The New Brain Drain in Science

A twofold problem has emerged in science worldwide: select academic journals have become disproportionately influential, and they have placed a premium on empirical research. As scientists' research priorities, problems, and methods gravitate to these journals' standards, developing countries – and good science – are losing out.

DUBAI – In December 2013, the Nobel laureate physicist Peter Higgs told The Guardian that if he were seeking a job in academia today, “I don’t think I would be regarded as productive enough.” Having published fewer than ten papers since his groundbreaking work in 1964, Higgs believes that no university would employ him nowadays.

Academics are well acquainted with the notion of “publish or perish.” They must publish their work in peer-reviewed journals increasingly often to climb the career ladder, protect their jobs, and secure funding for their institutions.
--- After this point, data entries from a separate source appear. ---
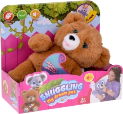 Den interaktive bjørn er lavet af blød og behagelig plys i en brun nuance og er ideel til både hygge og ro før sengetid. Med følger en fodringsflaske, som hjælper barnet med at øve omsorg, reagere på behov og udvikle empati. De realistiske bevægelige øjne, der åbner og lukker, giver legen autenticitet.
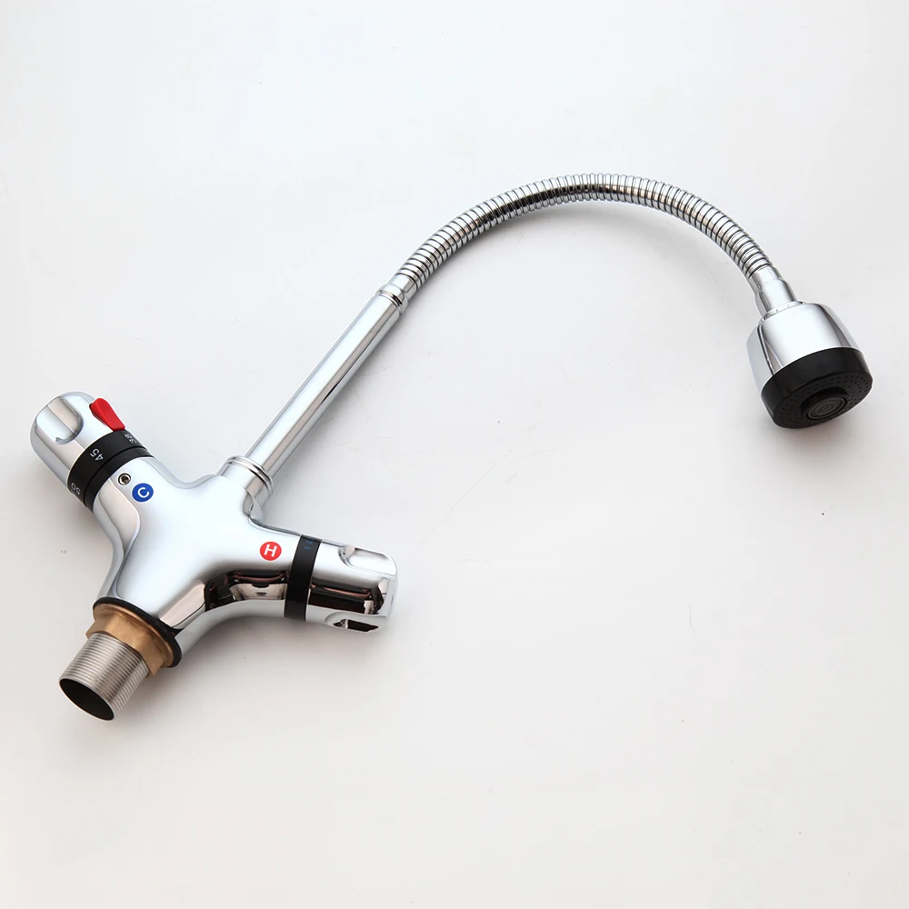 Torayvino Chrome Polished Kitchen Faucet Rain & Column Water Twist Swivel Spout Deck Mount Thermostatic Control Basin Mixer Tap
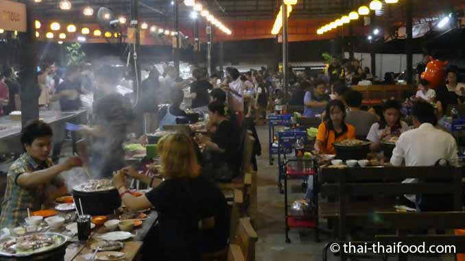 ▷ In Thailand gibt es zahlreiche „All-you-can-eat“ MooKata Restaurants, die bei den Thais sehr beliebt und immer gut besucht sind. Überall in diesen Restaurants qualmt und raucht es von den vielen Tischgrills die dort in Betrieb sind.
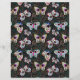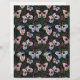 Papel de rasparia giro de 8,5" x 11" impresso com crânios de açúcar de borboleta giro sobre fundo paisley preto-mudo.
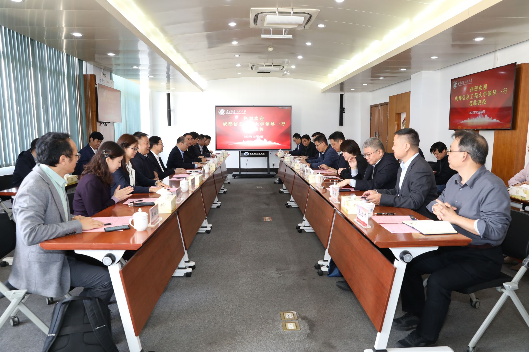【本网讯】10月23日—24日,学校党委书记沈火明、校长何建新带队赴南京信息工程大学开展调研交流。此次调研旨在学习先进成效经验,进一步加强校际合作与交流,推动学校人才培养、学科建设、科学研究高质量发展。23日下午,南京信息工程大学党委书记尚洪波会见了学校党委书记沈火明、校长何建新、副校长舒红平一行。24日上午举行座谈会,南京信息工程大学校长陈海山,副校长赵强、刘佳出席,会议由赵强主持。

But what happens to scientists and other scholars, such as those in the Middle East, who have different research concerns from – and scant connections to – the professional journals that can make or break an academic/scientific career?

Scholars and institutions with high publishing rates in the established journals receive better productivity scores, which translate into bigger rewards, in terms of enhanced careers and greater research funding. Whether the work they are publishing has a measurable impact on their field of study is, sadly, too often a secondary concern. The incentives they face mean that quantity often comes before quality.